» WHAT THE TASK ASKS:
The full set of entries below, restated word for word and stripped of images, is the expected result.

Excerpts from a dataset

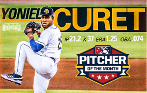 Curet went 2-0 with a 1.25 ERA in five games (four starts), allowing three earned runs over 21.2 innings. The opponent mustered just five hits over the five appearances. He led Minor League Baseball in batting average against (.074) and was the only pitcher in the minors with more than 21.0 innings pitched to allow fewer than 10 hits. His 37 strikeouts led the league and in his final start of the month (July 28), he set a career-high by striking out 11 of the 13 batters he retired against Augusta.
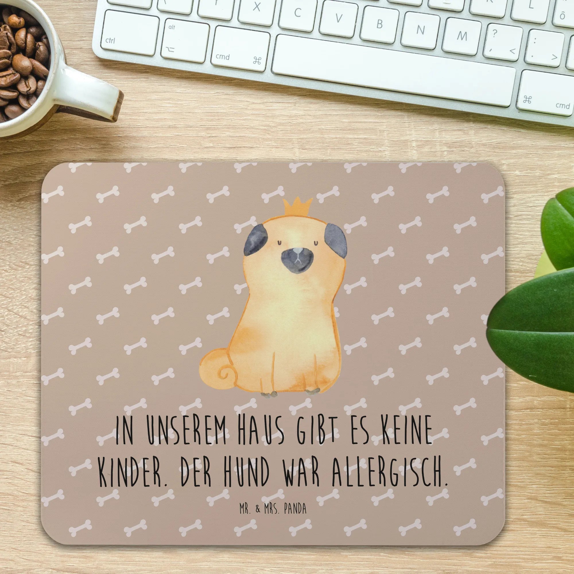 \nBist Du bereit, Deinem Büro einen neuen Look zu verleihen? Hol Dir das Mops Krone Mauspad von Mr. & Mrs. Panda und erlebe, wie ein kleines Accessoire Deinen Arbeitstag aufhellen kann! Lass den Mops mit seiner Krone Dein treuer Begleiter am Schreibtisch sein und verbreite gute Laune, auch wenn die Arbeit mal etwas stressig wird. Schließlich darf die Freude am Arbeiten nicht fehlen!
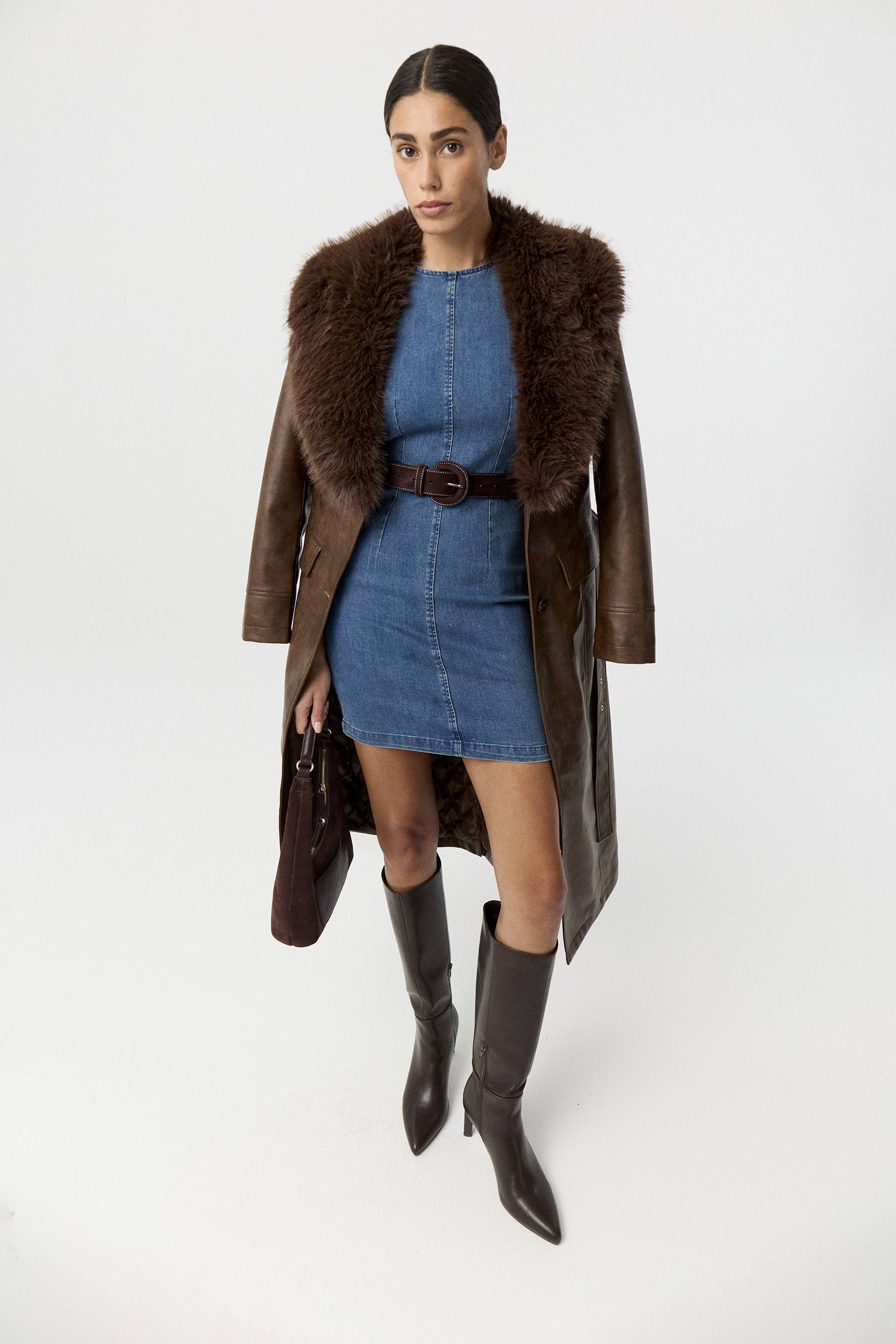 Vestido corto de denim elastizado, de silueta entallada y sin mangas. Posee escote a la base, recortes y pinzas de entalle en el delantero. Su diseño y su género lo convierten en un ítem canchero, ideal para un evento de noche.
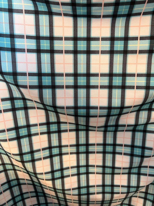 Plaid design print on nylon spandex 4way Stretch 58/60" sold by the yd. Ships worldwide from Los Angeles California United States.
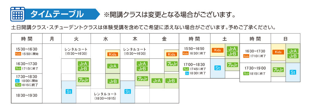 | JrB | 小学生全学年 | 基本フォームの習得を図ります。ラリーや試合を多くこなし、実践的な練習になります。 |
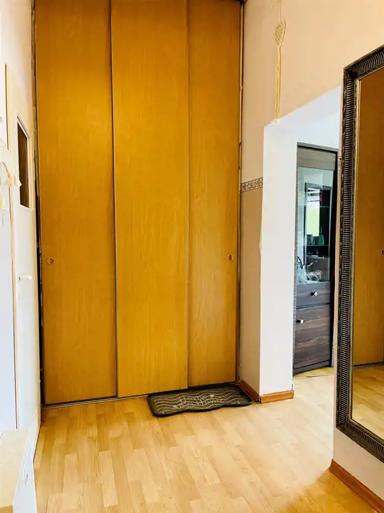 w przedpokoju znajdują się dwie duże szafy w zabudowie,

» ANSWER TO THE PROBLEM:
 Curet went 2-0 with a 1.25 ERA in five games (four starts), allowing three earned runs over 21.2 innings. The opponent mustered just five hits over the five appearances. He led Minor League Baseball in batting average against (.074) and was the only pitcher in the minors with more than 21.0 innings pitched to allow fewer than 10 hits. His 37 strikeouts led the league and in his final start of the month (July 28), he set a career-high by striking out 11 of the 13 batters he retired against Augusta.
 \nBist Du bereit, Deinem Büro einen neuen Look zu verleihen? Hol Dir das Mops Krone Mauspad von Mr. & Mrs. Panda und erlebe, wie ein kleines Accessoire Deinen Arbeitstag aufhellen kann! Lass den Mops mit seiner Krone Dein treuer Begleiter am Schreibtisch sein und verbreite gute Laune, auch wenn die Arbeit mal etwas stressig wird. Schließlich darf die Freude am Arbeiten nicht fehlen!
 Vestido corto de denim elastizado, de silueta entallada y sin mangas. Posee escote a la base, recortes y pinzas de entalle en el delantero. Su diseño y su género lo convierten en un ítem canchero, ideal para un evento de noche.
 Plaid design print on nylon spandex 4way Stretch 58/60" sold by the yd. Ships worldwide from Los Angeles California United States.
 | JrB | 小学生全学年 | 基本フォームの習得を図ります。ラリーや試合を多くこなし、実践的な練習になります。 |
 w przedpokoju znajdują się dwie duże szafy w zabudowie,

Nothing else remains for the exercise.